Rook kicked the toe of his shoe against the lip of the rug. “Look, this is starting to sound more like an intervention than an arrest.”

“I promise, we won’t make you wait long. After all,” she said with mock solemnity, “you’ve earned that.” She got in the elevator with Roach.

“Just for that I may do my whole article about someone else.”

“Break my heart,” she said as the doors shut on him.

When Detective Heat entered through the front door of the apartment, she found Noah Paxton by himself in the living room. “Where’s Kimberly?”

“She’s not here.”

Raley and Ochoa stepped in behind Nikki. “Check all the rooms,” she said. Ochoa disappeared with Raley down the hallway.

“Kimberly’s not back there,” said Paxton. “I already checked.”

Heat said, “We’re do-it-yourselfers. We’re funny that way.” Her gaze went to the room full of artwork, hanging as it always had been, floor to ceiling. Nikki marveled at the sight. “The paintings. They’re back.”

Noah seemed to share her bewilderment. “I don’t understand it, either. I’m just trying to figure out where the hell they came from.”

“Relax, you don’t have to playact anymore, Noah.” She watched the furrows crease his brow. “They never left the Guilford, right? We tapped her phone call to you not twenty minutes ago.”

“I see.” He thought a few seconds, no doubt sorting through his side of the conversation, wondering if he could be an accessory after the fact. “I told her she was nuts,” he said.

“Now, that’s a good citizen.”

He opened his palms to her. “I apologize, Detective. I knew I should have called you. Guess I still have my protective instinct for the family. I came over here to talk sense into her. Too late now.” Nikki just shrugged. “When did you find out she stole them? During that phone call?”

“No. The alarm bells sounded for me when I heard our widow-in-mourning bought a piano and left town for the delivery. Does Kimberly strike you as someone who’d leave rearranging her precious antiques to a work crew and a dimwit nanny?” Nikki ambled to the Steinway and tinkled one key. “We checked with the building super. He confirmed the piano movers came here in the morning with a huge crate, but didn’t recall them leaving with one. It fell off his radar, I guess, after all the confusion around the blackout.”

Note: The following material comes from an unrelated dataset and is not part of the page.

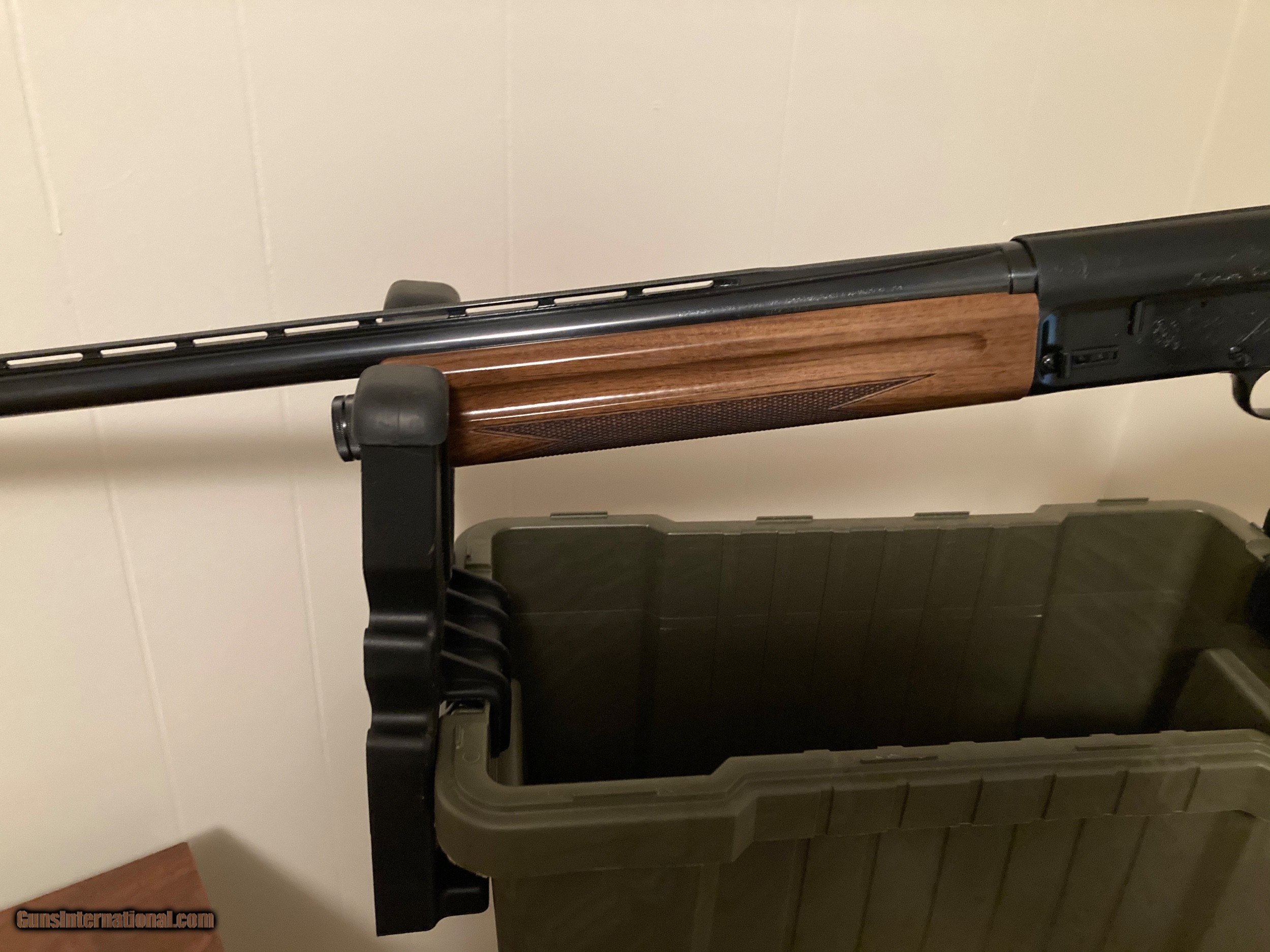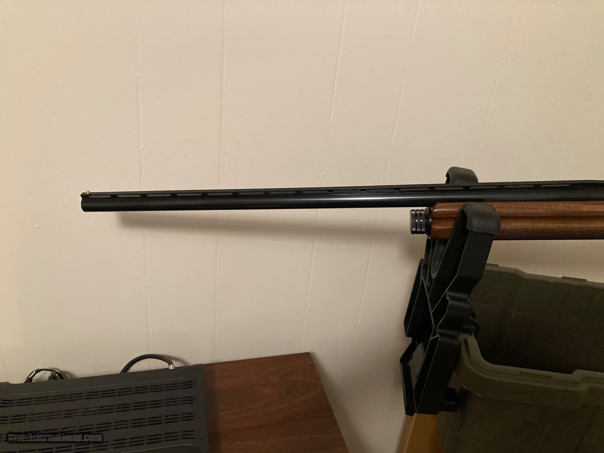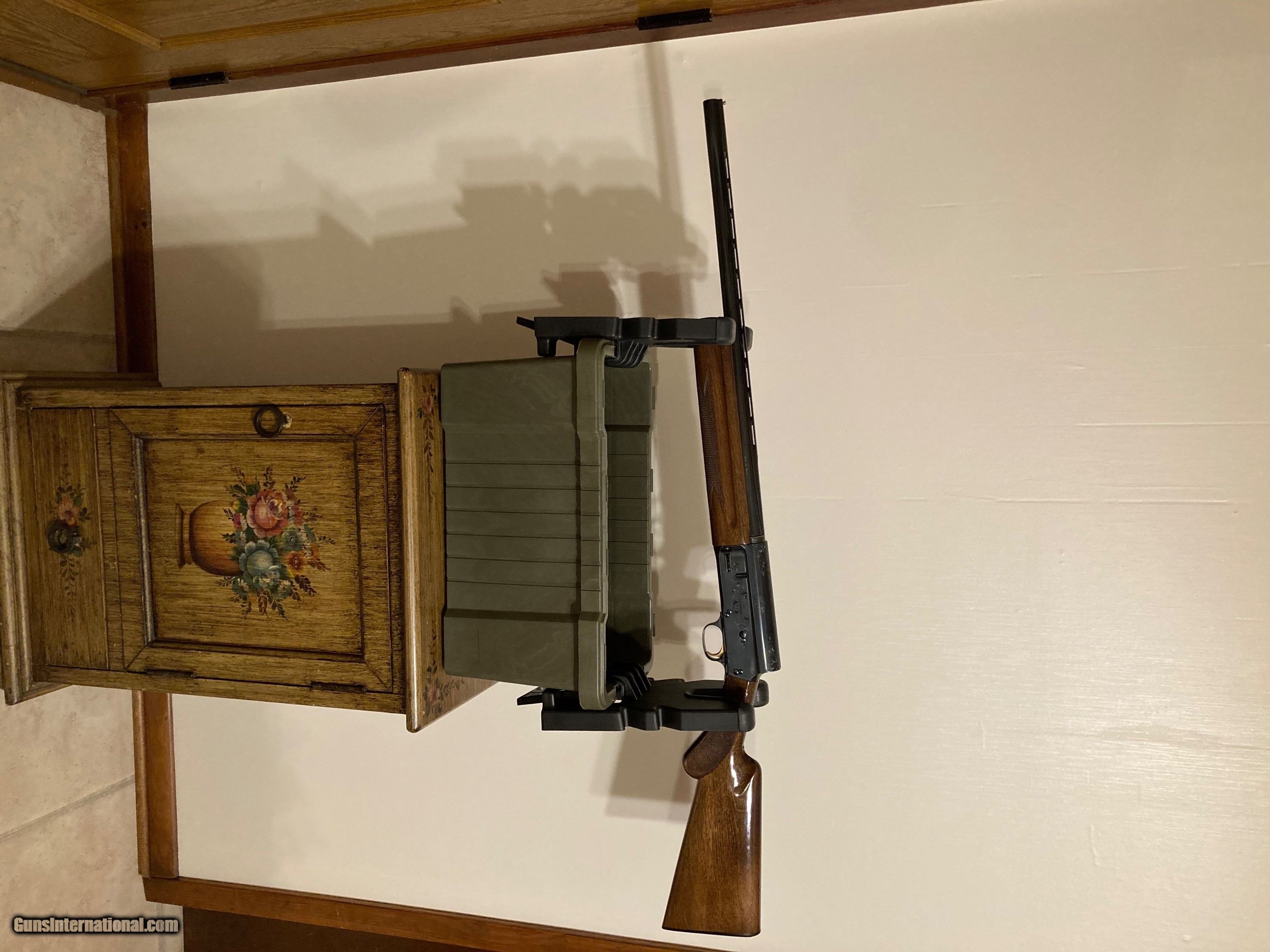 Description: This gun is an A 5 Belgium made light weight 20 g that comes with 2 barrels. The first barrel is a 22" Invector plus vent rib, the second is a plain barrel 26" Belgium made improved cylinder. The gun is in excellent mechanically with some light hunting marks in wood and the invector plus barrel has some lighting of blue L. O. P. Refurbished by Art. SOLD |

Noah smiled and shook his head. “Wow.”

“I know, pretty sneaky, huh? They never left the building.”

“Ingenious,” said Paxton. “And not a word I associate with Kimberly Starr.”

“Well, she wasn’t as smart as she thought.”

“What do you mean?”

Nikki had run this over and over in her head so that it was crystal clear to her. Now she would bring Noah along on the ride. “Did you know Matthew had changed his mind about selling his collection?”

“No, I didn’t know anything about that.”

“Well, he had. The same day he was killed, a woman from Sotheby’s named Barbara Deerfield came over here to appraise it. She was murdered before she got back to her office.”

“That’s horrible.”

“I believe her murder was connected to Matthew’s.”

His brow darkened. “It’s tragic, but I don’t understand the connection.”

“Neither did I. I kept wondering, Why would anyone kill an art appraiser? Then I discovered that Starr’s entire art collection was made up of forgeries.” Nikki watched a pallor wash out Noah Paxton’s face.

“Forgeries?” He let his gaze wander the walls. Nikki saw his eye fall upon a piece of art near the archway. The one covered by a shroud.

“Fakes, Noah.” His attention snapped back to her. “The whole collection.”

“How can that be? Matthew paid top dollar for these paintings, and from reputable dealers.” Paxton’s color was coming back and then some as he grew more agitated. “I can assure you when we bought these they were not fakes.”

“I know,” said the detective. “The insurance documentation pictures bore that out.”

“Then how could they now be fakes?”

Nikki sat on the arm of a sofa that cost more than most people’s cars. “The appraiser took her own set of photos of the collection as notes. We found her camera and her pictures didn’t match the insurance shots. She had documented a roomful of forgeries.” Heat paused to let that sink in. “Sometime between the purchase and her appraisal, someone switched the art.”